MRBTA workers said Ms Savage cleared out her office on Saturday morning, leaving it unlocked and with her uniform on a chair.
Last Monday, the Times asked MRBTA for details about Ms Savage’s role and what steps were taken to address the transition, but further questions went unanswered.
While MRBTA was saying Ms Savage was on leave, insiders were saying her departure followed months of tension in the day-to-day running of the region’s peak tourism body.
In response to inquiries over LinkedIn – after the chief’s phone, which comes with the job, went repeatedly to voicemail – Ms Savage at the time said she had not left the organisation.
“I’m away on leave and haven’t taken the work phone with me,” she said.

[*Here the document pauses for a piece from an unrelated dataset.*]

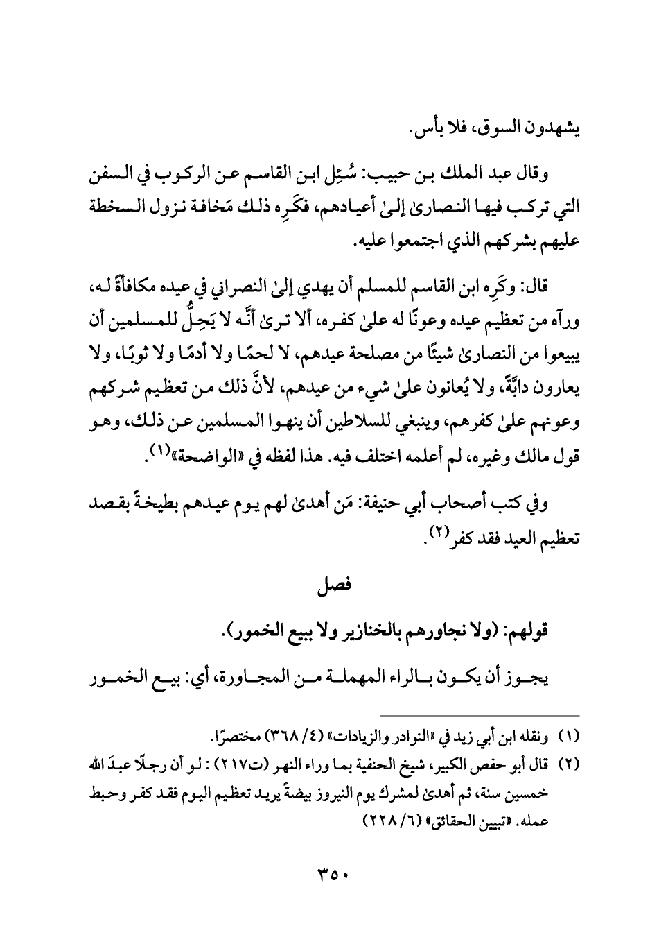 قال: وكَرِه ابن القاسم للمسلم أن يهدي إلى النصراني في عيده مكافأةً له، ورآه من تعظيم عيده وعونًا له على كفره، ألا ترى أنَّه لا يَحِلُّ للمسلمين أن يبيعوا من النصارى شيئًا من مصلحة عيدهم، لا لحمًا ولا أدمًا ولا ثوبًا، ولا يعارون دابَّةً، ولا يُعانون على شيء من عيدهم، لأنَّ ذلك من تعظيم شركهم وعونهم على كفرهم، وينبغي للسلاطين أن ينهوا المسلمين عن ذلك، وهو قول مالك وغيره، لم أعلمه اختلف فيه. هذا لفظه في «الواضحة» (¬١).
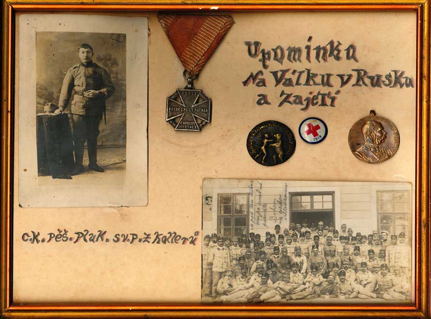 a zajetí" a "C.K.pěš.pluk sv.P.z Kollerů, fotografie vojáka, fotografie pluku, fotografie

“I haven’t cleared out my office – that’s mad.
“I just needed some files to do some study at home.
“All is fine thanks, enjoying the rain and a bit if nature time (sic).”
Appointed to the position seven months ago, Ms Savage was chosen after a lengthy interview process that failed to select a replacement in the first round.
Her departure comes amid high-ranking concerns about diminishing visitor numbers in the Margaret River region and disquiet from local Noongars about Aboriginal heritage conservation issues.
Visitor numbers to the region have plummeted in the past year, with a 15.8 drop in overseas tourists in 2017.
In March, MRBTA acknowledged its stalled Mammoth Cave redevelopment started without Federal Aboriginal heritage clearance or Aboriginal supervision.
Wadandi elder Bill Webb has since demanded the region’s MRBTA-managed caves return to the control of Aboriginal custodians to drive reconciliation and give local Noongars economic independence.
Ms Savage replaced former chief executive Pip Close, who now works in North Queensland.